Следовательно, вопрос в том, может ли здесь, на земле, жить человек, не имея в душе ничего святого, ничего, чего он не мог бы преступить, растлить, опозорить, убить. Нужны ли абсолютные измерения, абсолютные эталоны кому-нибудь, кроме человека, живущего на земле, то есть конечного и смертного, — этот вопрос не интересует Достоевского. Его интересует специфически моральная проблема. Может ли человек обойтись в жизни без всего этого, может ли он вообще прожить более или менее длительный отрезок человеческой жизни, не зная никаких моральных запретов, с ощущением того, что ему «все позволено»?
Ответ Достоевского звучит с полнейшей недвусмысленностью: нет, не может. Свидетельство в пользу такого заключения — самоубийство Ставрогина, попробовавшего жить с таким сознанием, причем не только теоретически, но и практически. Последовательный нигилист не может жить с таким сознанием не только в силу логики самого нигилизма, обращающегося против всякого бытия, в том числе и эмпирического существования самого нигилиста. Он не может жить с этим сознанием и, так сказать, «экзистенциально», чем и доказывается неизбежность, необходимость, непреложность для человеческого бытия — бытия в «этом», а не в «том» мире — идеального, то есть морального, измерения: идеалов, ценностей, абсолютов.
Как бы предчувствуя появление теоретиков ницшеанского типа, Достоевский (как и Толстой) все время стремится доказать и показать именно не «потусторонность», а «посюсторонность» идеального (= морального, этического) измерения человеческого существования, без которого это существование неизбежно перестает быть не только человеческим существованием, но и существованием вообще. И хотя Достоевский также склонен рассматривать христианство под углом зрения его нравственного содержания, как определенную систему морали, определенный этически ориентированный образ жизни, достаточно мало интересуясь его теологической и обрядовой стороной, тем не менее он считал моральное измерение присущим человеку изначально, как некое существенное свойство, без которого вообще невозможно человеческое общежитие. Мораль в этом смысле и есть способность человека к общежитию, бытию-совместно-с другими.
Поэтому то, что представляется немецкому философу «физиологическим вырождением», «декадансом», с точки зрения Достоевского (как и Толстого), есть норма: свойство, без которого человек не может считаться вполне нормальным. Без прочных моральных устоев (убежденности в абсолютности абсолютов и истинности моральных истин, хотя она не всегда осознана даже самими людьми, и чаще всего чем более нерушима, тем менее осознанна) согласно Достоевскому невозможно нормальное существование не только общества в целом, но и каждого отдельного человека.
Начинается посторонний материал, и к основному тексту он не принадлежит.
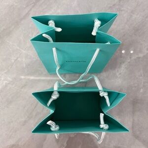 New without tags, came with purchase and were never used - NWOT Tiffany & Co Small Paper Jewelry Gift Wrapping Bags Bundle. Comes with two small bags. Colors: Tiffany blue, white, and black.
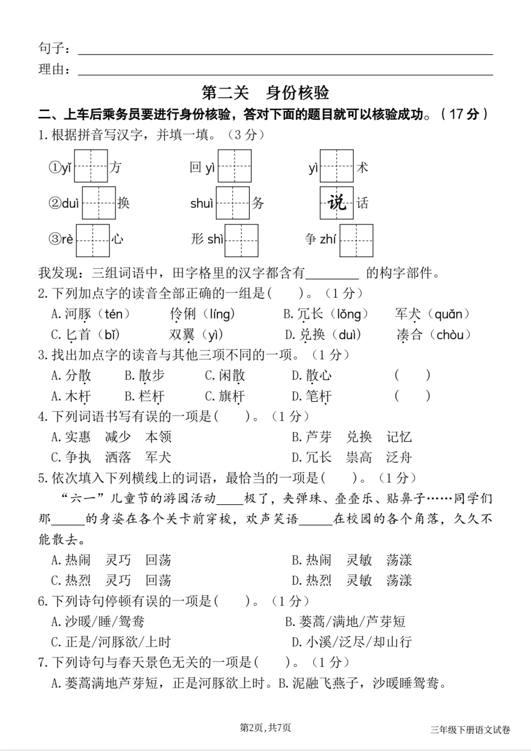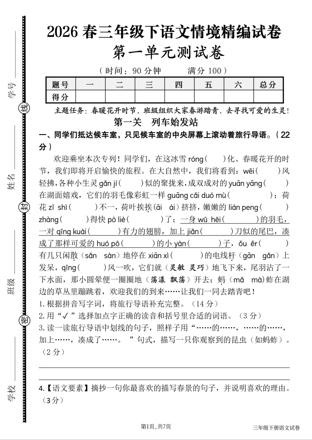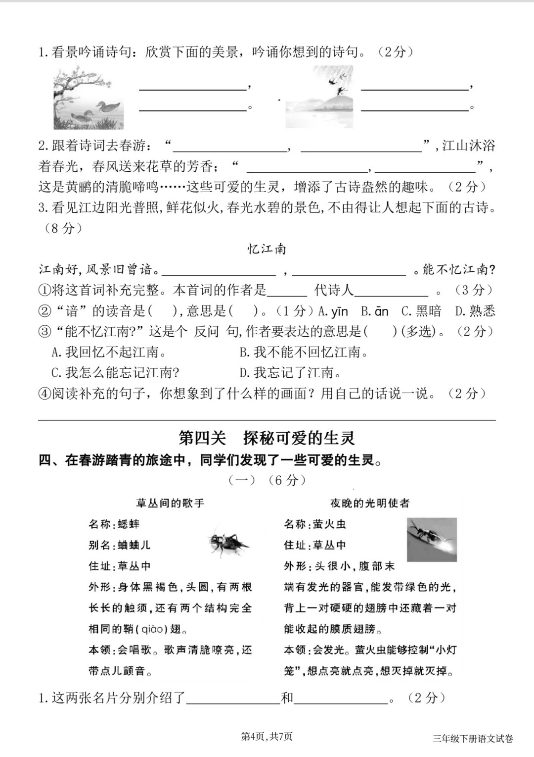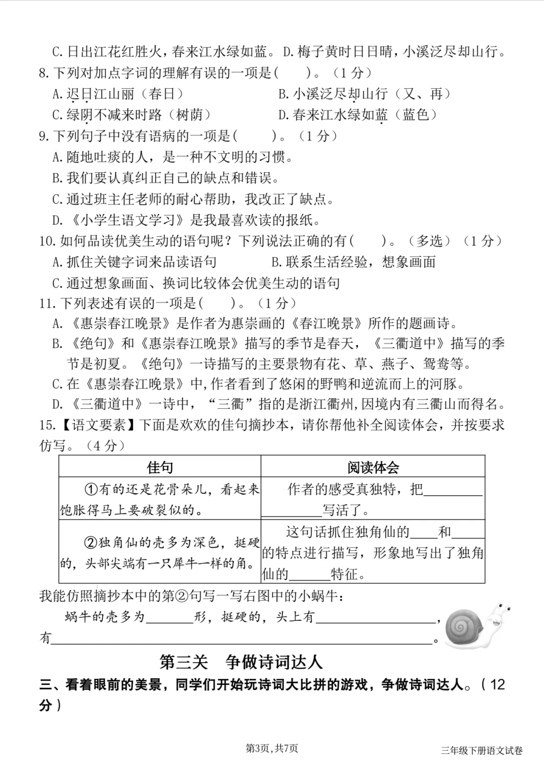 寒假预习| 三年级下册语文课文必背内容闯关表
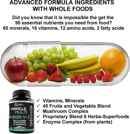MEGA V-1 Multi Vitamins Minerals Blend, Daily Multivitamin Mineral Supplement, Probiotics, Superfood Digestive Enzyme Blend, Mushroom Complex, for Heart, Immune Support, Stamina, Energy (90 Servings)
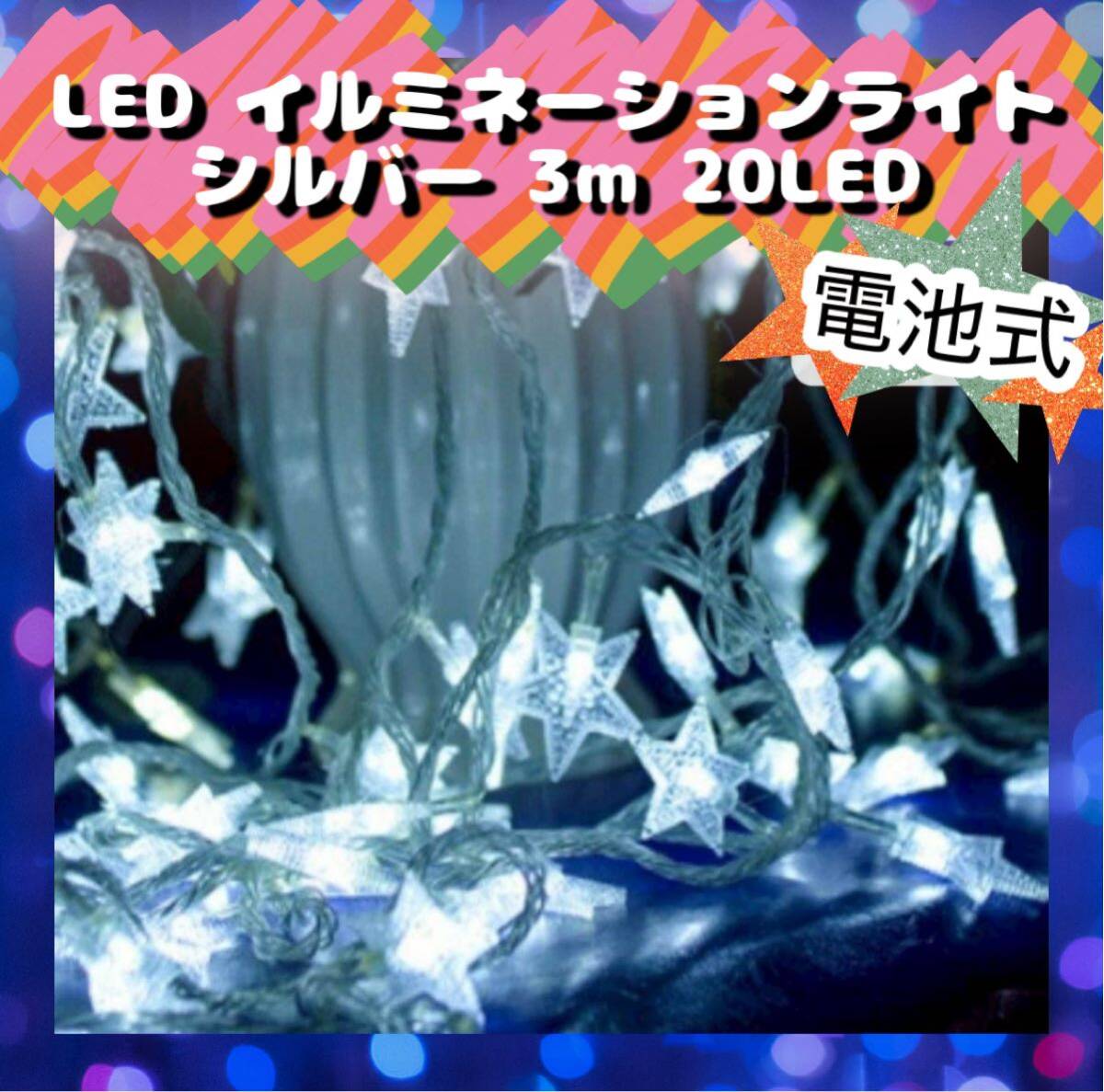 - イルミネーション LED ライト 3m 星型 電池 シルバー ハロウィン クリスマス
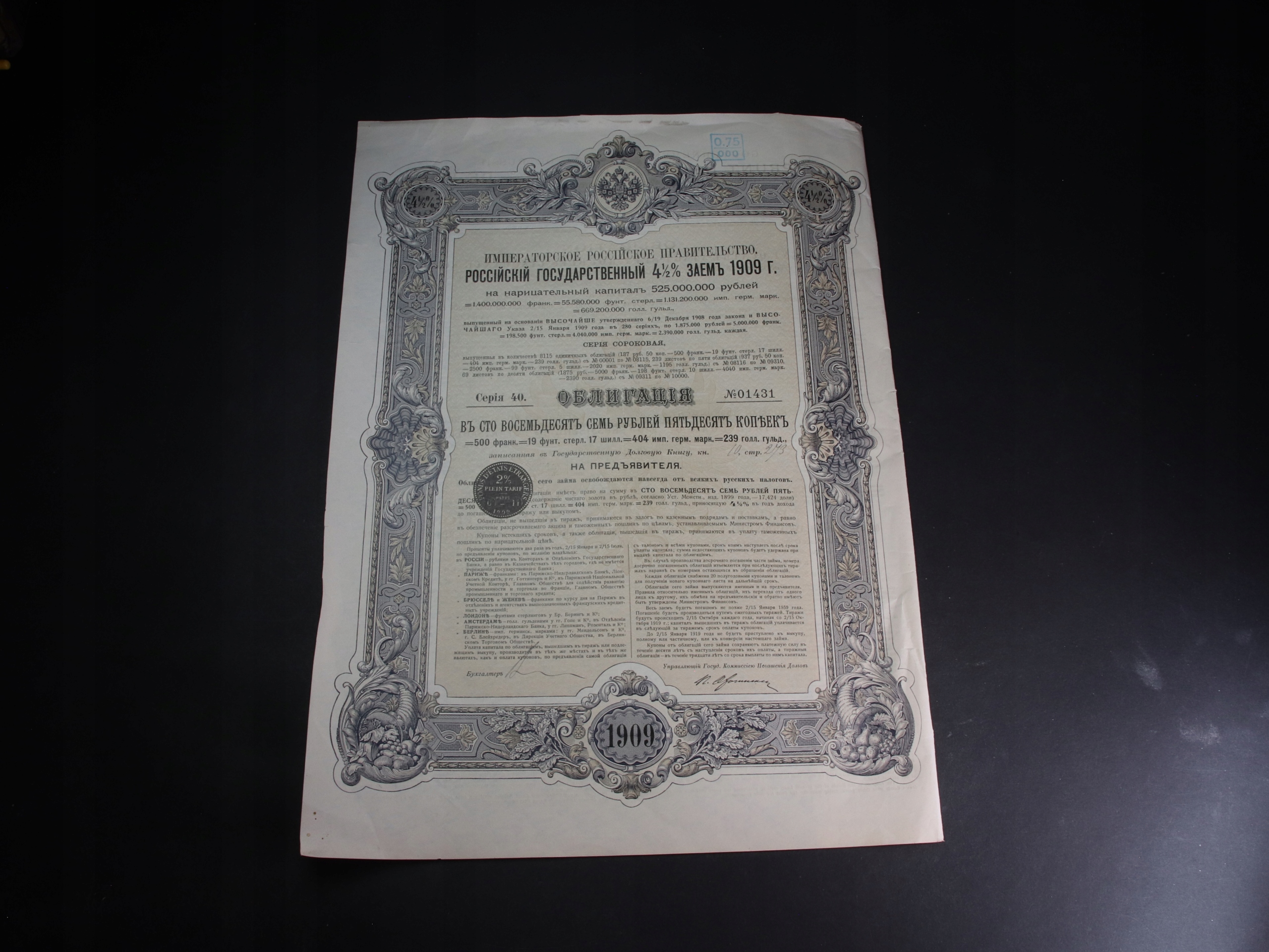 ОБЛІГАЦІЇ РОСІЇ 187,5 РУБЛІВ 1909 РОКУ
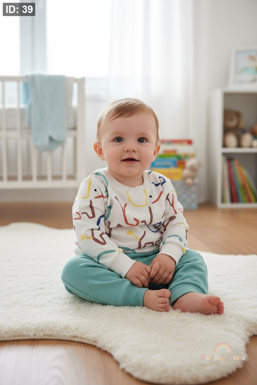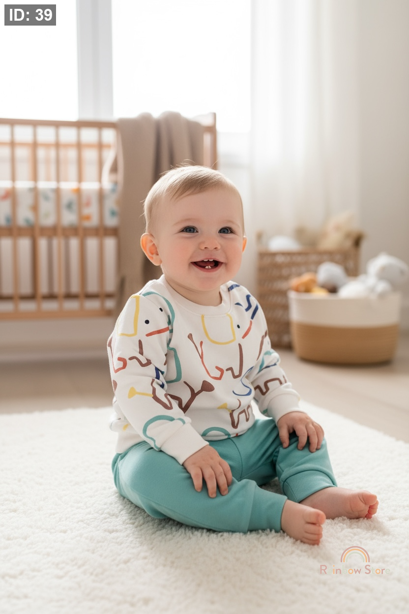 طقم مميز من بلوزة بيضاء برسومات ملونة وبنطال فيروزي ناعم، يمنح طفلك أناقة فنية ولمسة مرحة كل يوم.

Их разрушение неизбежно ведет к болезни человеческого духа, которая, как показывает русский писатель, чаще всего переживается как душевная, а подчас и телесная болезнь.
С этой точки зрения вся ницшеанская философия истории нигилизма, понятого как «логика декаданса», предстает как сплошное безумие: переворачивание с ног на голову естественного положения вещей. Как раз то, чем так гордился Ницше, полагавший, что он нашел истинные причины нигилизма там, где раньше видели лишь его следствия, и увидел следствия нигилизма там, где раньше усматривали его причины, выглядит как горячечный бред, если взглянуть на все это с простых и ясных позиций русской нравственной философии. То, что немецкий философ считал «декадансом», вовсе не есть «декаданс» и потому и не может считаться «истинной причиной» нигилизма. А деградация человека, в том числе и физиологическая, которую, как показывает Достоевский, действительно вызывает нигилизм, вовсе не является причиной этого нигилизма, как то хотелось во что бы то ни стало доказать немецкому философу.
Так что от философии истории нигилизма, истоки которого усматриваются «в глубине веков» — не только в раннем христианстве, но и в платонизме — этом «христианстве для немногих», согласно выражению Ницше и в сократовском «морализме», — от всей этой философско-исторической схемы мало чего остается «рационального». В противоположность тому, что хотел бы доказать немецкий философ, причина нигилизма вовсе не в том, что «некогда» была положена в качестве абсолютной некоторая система моральных требований и норм, идеалов и ценностей. Она в том, что в определенные периоды человеческой истории количество людей, для которых эти (общечеловеческие, если взять их в чистом виде) нормы и ценности утрачивают значение совершенно непререкаемых, достигает размеров «критической массы».